Randomized Phase II Trial of Gemcitabine Plus S-1 Combination Therapy Versus S-1 in Advanced Biliary Tract Cancer: Results of the Japan Clinical Oncology Group Study (JCOG0805)

Abstract

Background: Gemcitabine plus cisplatin combination (GC) therapy is the standard therapy for advanced biliary tract cancer (BTC). In previous trials, gemcitabine plus S-1 combination (GS) therapy and S-1 mono-therapy had shown considerable efficacy in patients with BTC. The aim of this trial is to evaluate the efficacy and safety of the two regimens and to determine which is more promising as a test arm regimen for a subsequent phase III trial. Methods: Chemotherapy-naive patients with recurrent or unresectable BTC (gallbladder [GB], intrahepatic biliary duct [IHBD], extrahepatic biliary duct [EHBD], ampulla of Vater [AV]), an ECOG PS of 0-1, and adequate organ function were randomly assigned to receive GS (gemcitabine: 1000 mg/m 2, i.v., days 1 and 8; S-1: 60 mg/m 2, p.o., days 1-14, every 3 weeks) or S-1 (80 mg/m 2, p.o., days 1-28, every 6 weeks).
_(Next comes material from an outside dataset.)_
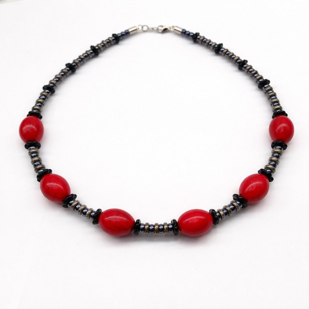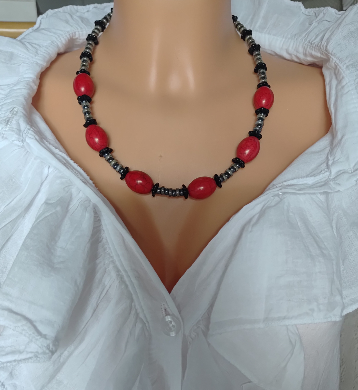 Eleganckie korale z czerwonym akcentem - klasyczna biżuteria handmade. Stylowe korale stworzone z myślą o kobietach, które cenią wyrazistą, a jednocześnie elegancką biżuterię. Główną ozdobę stanowią czerwone korale oliwki howlitu o subtelnym połysku, które przyciągają wzrok i dodają charakteru każdej stylizacji. Towarzyszą im drobne koraliki w odcieniach grafitu i czerni, tworzące harmonijny kontrast oraz podkreślające głębię koloru. Sprawdzi się zarówno na co dzień, jak i na specjalne okazje. Doskonale komponuje się z klasyczną czernią, bielą, szarościami oraz stylizacjami w stylu boho czy eleganckim.

We assumed that the percentage of 1-year survival of one regimen is 30 and that of the other regimen is more than 40. To ensure at least 85% probability of correct selection, 98 eligible patients are required. The decision rule was that the regimen with higher percentage of 1-year survival will be considered as more promising regimen. Results: From February 2009 to April 2010, 101 patients (GB, n = 38; IHBD, n = 35; EHBD, n = 20; AV, n = 8) were randomized (GS, n = 51; S-1, n = 50). For the GS arm and S-1 arm, the percenatge of 1-year survival was 52.9% and 40.0%, the median survival time were 12.5 and 9.0 months (hazard ratio 0.86 [95% CI 0.54-1.36]; P = 0.52), and the median progression-free survival time were 7.1 and 4.2 months (0.44 [0.29-0.67]; P < 0.0001). Grade 3/4 hematological toxic effects were more frequent in the GS arm than in the S-1 arm (percentage in GS/S-1 arms): neutropenia, 60.8/4.0; leukocytopenia, 29.4/2.0; hemoglobin, 11.8/4.0; and thrombocytopenia, 11.8/4.0, respectively. Although two treatment-related deaths occurred in the GS arm (pneumonitis, acute myocardial infarction), other grade 3/4 non-hematological toxic effects were infrequent and reversible in both arms. Conclusions: The GS arm was superior in the percentage of 1-year survival to S-1. Here we consider GS to be more promising as the test arm for a subsequent phase III trial comparing with GC.